Banks, VCs, and other traditional lenders had dominated the lending land for centuries. Every small business owner out there knows that isn’t good news. Obtaining small business financing from banks isn’t a cakewalk if you lack a solid credit profile, outstanding trading history, and substantial business revenues. If you’re lucky to qualify, you’ll have to bear with a bureaucratic, paper-laden application process and lengthy approval period.
Thanks to the internet and the rise of cutting-edge financial technology. FinTech lenders that offer faster business financing services have matched into the lending gap to provide business owners the capital they need to grow their businesses.
Pros and cons of small business financing from banks
So should you obtain a small business loan from a bank or a fintech company? To help you make a better decision between a bank and a fintech lender, we analyze the pros and cons of business loans from banks and fintech.
Banks offer loans at the lowest interest rates than you can find anywhere else. Per recent data, business loan interest rates range from 2.58% to 7.16% at banks. Rates for SBA loans range from 5.50% to 8%.
However, these low interest rates aren’t for everyone. They are reserved for borrowers with a solid business profile and a high FICO.
Banks require excellent credit
Typically, banks love to see credit scores between 700 and 850 to label you as “good risk” and approve you for higher loan amounts at favorable terms rates. If your FICO score dips below 700, you’re less likely to qualify for a small business loan from a bank, or you may be hit with higher interest rates.

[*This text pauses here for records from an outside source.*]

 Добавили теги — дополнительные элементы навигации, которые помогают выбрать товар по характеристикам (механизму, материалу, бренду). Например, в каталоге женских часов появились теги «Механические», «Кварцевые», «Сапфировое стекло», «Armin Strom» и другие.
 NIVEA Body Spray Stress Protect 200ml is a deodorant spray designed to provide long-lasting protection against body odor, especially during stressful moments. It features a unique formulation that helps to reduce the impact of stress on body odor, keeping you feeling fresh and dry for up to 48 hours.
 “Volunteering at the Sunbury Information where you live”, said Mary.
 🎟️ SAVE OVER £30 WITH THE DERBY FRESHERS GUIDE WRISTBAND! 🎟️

Also read: Here Are Ways That You Can Save Money As A New Business.
Profitability and long trading history
Small business loans from banks aren’t accessible to everyone. You may have an excellent credit score, but unless you can demonstrate an established trading history, profitability, and outstanding business revenues, your company will face hurdles to qualify for a traditional loan.

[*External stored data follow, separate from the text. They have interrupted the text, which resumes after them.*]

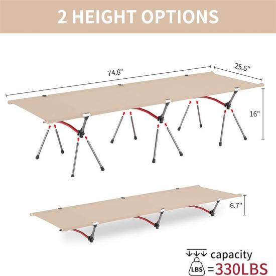 Nossa Cama Dobrável Portátil Emergency Supplies está equipada com uma variedade de funções práticas. Primeiramente, possui 2 opções de altura: a altura baixa de 17 cm é adequada para uso em barracas ou em solo firme, enquanto a altura alta de 40 cm é adequada para uso em terrenos gramados, lamacentos e úmidos, projetada para se adaptar a todos os tipos de terrenos complexos e garantir um sono tranquilo e sem preocupações. Em segundo lugar, a cama possui um sistema de travamento rápido que facilita o destravamento e o travamento com apenas uma mão, para maior comodidade. Além disso, a cama é equipada com tubos de corda com amortecimento de impacto, o que não só aumenta a estabilidade da cama, como também torna o processo de instalação e remoção mais fácil e menos trabalhoso.
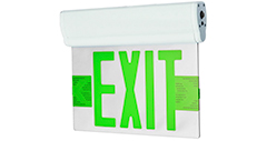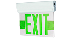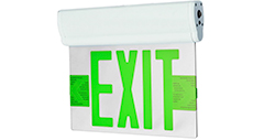 *Illumination - Denne Edge Lit Exit Sign Series gir en LEV -belysning med lang levetid. Enheten er konstruert med et grønt LED -kort med høyt utgang.  Energiforbruk er vurdert til mindre enn 4 watt for kun AC -modellenheter. Batteribackup -enhetens energiforbruk er vurdert til under 1 watt.
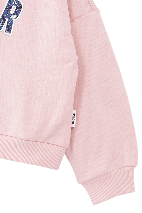 GIRLS' PINK ORGANIC COTTON SWEATSHIRT, FLOCKED WAX SLOGAN
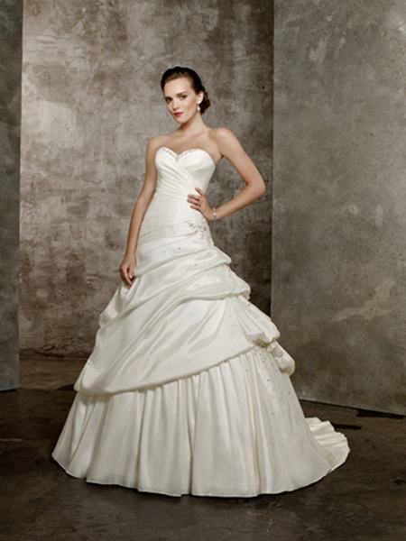 2012 Wholesale Cream sweetheart Satin Sweep Length Wedding dress
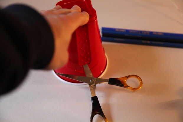 En primer lugar, mantener el "fondo" de la volcada solo taza y utiliza las tijeras para meter cuatro uniformemente espaciados agujeros alrededor de la "tapa" de la Copa.
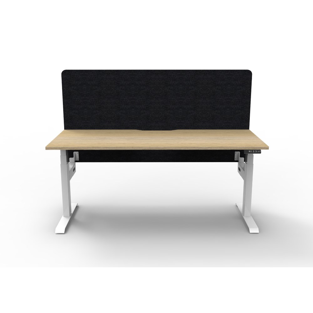 • Natural Oak top with rigid edging and 50mm deep scallop cut out. White Satin powder coat frame. Eco screen.
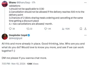 ‘ଫୁଡ୍ ରେସ୍କୁ’ ଲଞ୍ଚ କରି ଦିପିନ୍ଦର ନିଜ ଏକ୍ସ ଆକାଉଣ୍ଟରେ ଏକ ପୋଷ୍ଟ ସେୟାର କରିଥିଲେ । ବିଭିନ୍ନ ସୋସିଆଲ ମିଡିଆ ୟୁଜର୍ସ ଏଥିରେ ନିଜ ନିଜର ମତ ରଖୁଥିଲେ । ଯେଉଁଥିରେ ବେଙ୍ଗାଲୁରୁର ଭାନୁ ନାମକ ଯୁବକ ‘ଫୁଡ୍ ରେସ୍କୁ’ର ଅପବ୍ୟବହାରକୁ ରୋକିବା ପାଇଁ ଜୋମାଟୋକୁ ୪ଟି ପରାମର୍ଶ ଦେଇଥିଲେ । ଯାହାକୁ ପଢିବା ପରେ ଦିପିନ୍ଦର ସିଧା ତାଙ୍କୁ ଜୋମାଟୋ ସହ କାମ କରିବା ପାଇଁ ପ୍ରସ୍ତାବ ଦେଇଥିଲେ ।
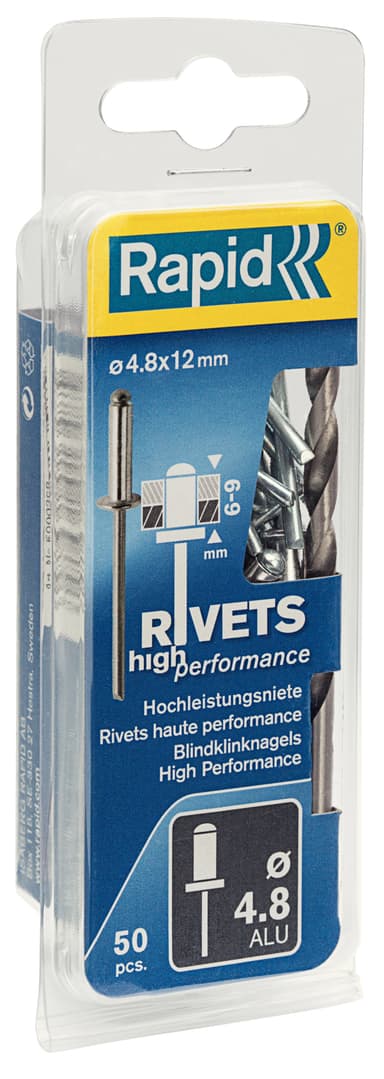 High Performance-aluminiumnitar. Storlek: Ø4,8 x 12 mm. Antal: 50 st. Inkl. borr Till: RP10 , RP40, RP60, RP100 Användningsområde: registreringsskyltar, stänkskärmar, metall- och plastöverdrag, namnskyltar m.m.Läs mer om produkten
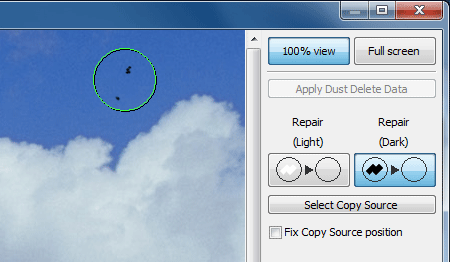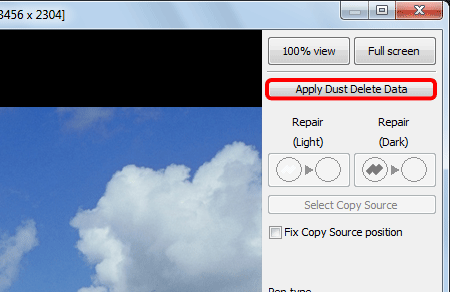 3. The copy stamp window appears. When the image has redrawn itself, click the [Apply Dust Delete Data].
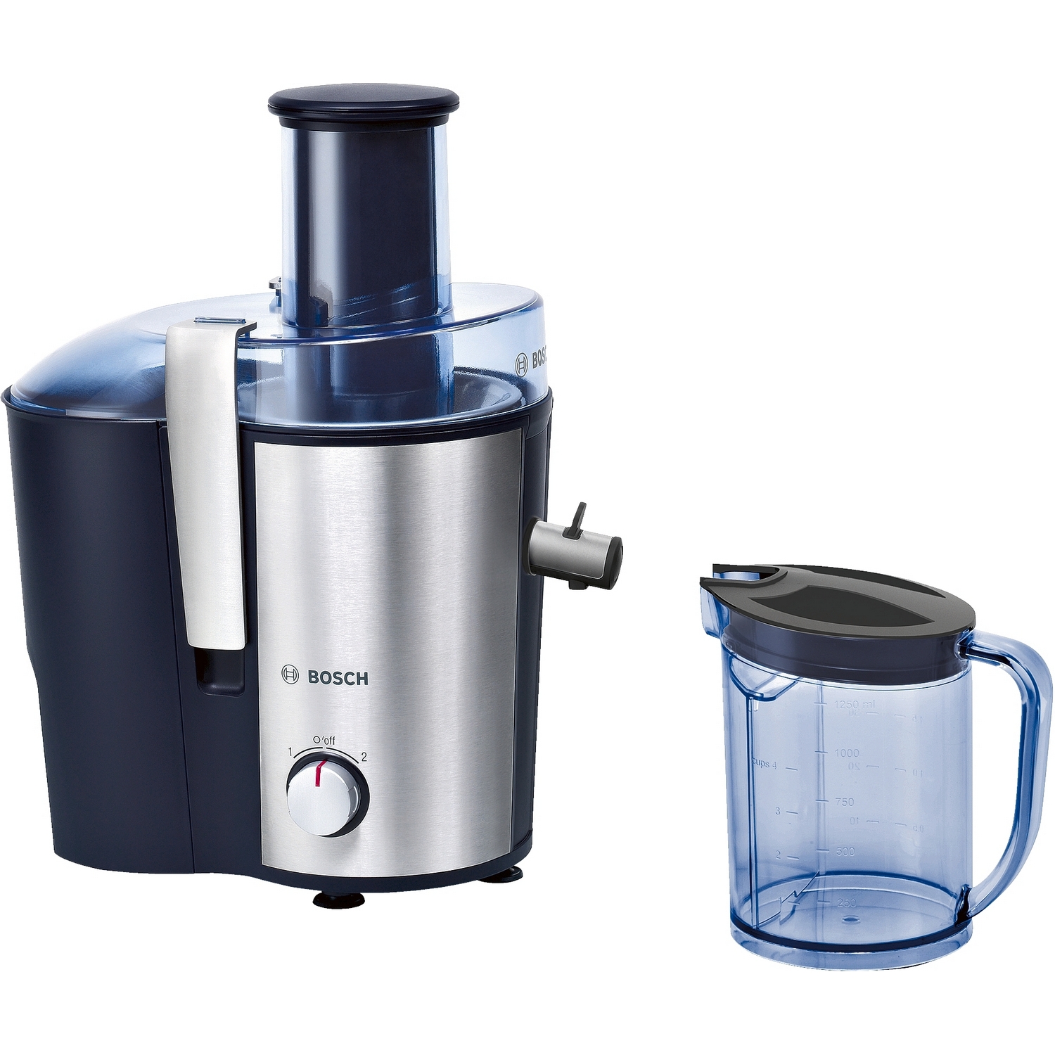 Råsaftcentrifug Bosch MES är en kraftfull råsaftcentrifug med stort påfyllningsrör (73 mm) vilket gör att det krävs mindre förberedelse av frukter och grönsaker. Råvarorna behöver inte förprepareras utan kan berabetas hela. Juicekannan har en volym på 1,25 l och har en skumavskiljare.

Lengthy application process
Compared to other lenders, banks have the most complicated application process and require you to fill out excessive paperwork.
Apart from filling out the application form, you’ll be required to gather and prepare multiple financial documents through scanning, copying, and printing financial data from the SMB and hand them over to the bank via mail or in-person.
Lengthy approval period
It takes time for the credit team to analyze all the submitted business records, build a risk file, and decide your fate. It may take weeks to months before you get approved for business financing from a bank.
Need for collateral
Solid credit score and business profitability aside, you’ll need to back up your loan with some form of collateral –an asset that the bank can seize and sell to recover their money if you’re unable to repay the loan.
Pros and cons of small business financing from fintech
Fintech lenders welcome customers that banks turn away. You can qualify for business financing from a fintech lender with bad credit or no credit and a trading history of less than a year. Online lenders like caminofinancial.com welcome borrowers with a credit score of 550, 9 months in business, and as little as $30,000 annual sales or $2,500 monthly revenues.
Quick pre-approval and faster funding
This is where fintech lenders beat banks hands down. Fintech lenders offer quick pre-qualification and short approval periods. Simply submit basic information about your business, required business documents, and financial records online. You’ll know where you stand within 24 hours. Once you accept the loan terms, money will be in your account within 1-10 business days.
Transparent loans terms
Loan terms and interest rates can get complicated when obtaining financing for small businesses from a bank. That’s why you should read the fine print carefully before signing on the dotted line.
On the contrary, transparency is the word of the game from reputable fintech lenders. They provide small business loan calculators on their websites so that you can determine upfront the cost of the loan in terms of monthly repayments and the total interest you’ll pay. No surprises down the line.
Apply from anywhere
You don’t have to close your business or worry about banking hours. You only need an internet-enabled device to submit all the required information and digital business records online from the comfort of your business. In fact, you can apply for a loan at night and have the money in your account in the morning.
Loans without Social Security Number (SSN)
Minority business owners, especially immigrants, don’t stand a chance with banks. Luckily, fintech lenders like Camino Financial offer ITIN loans for merchants without SSN.
No need for collateral
You won’t need to risk personal or business assets to obtain a loan from a fintech lender.
Relatively high-interest rate
Interest rates for small business loans from fintech lenders can be anywhere between 9% to 99%. That’s quite high compared to banks that can have interest rates as low as 2.5%.
Obtain business financing from banks or fintech
Banks are great places to obtain small business financing at a low cost if you’ve got excellent business credit, an established profitable business, and are willing to wait. That’s rarely the case with many small businesses.
If you’ve only been into business for less than a year, have poor credit, and need funding faster, fintech lenders are your best bet. They’ve got a simple application process, quick approval & faster funding, and can provide loans to minority businesses without SSN.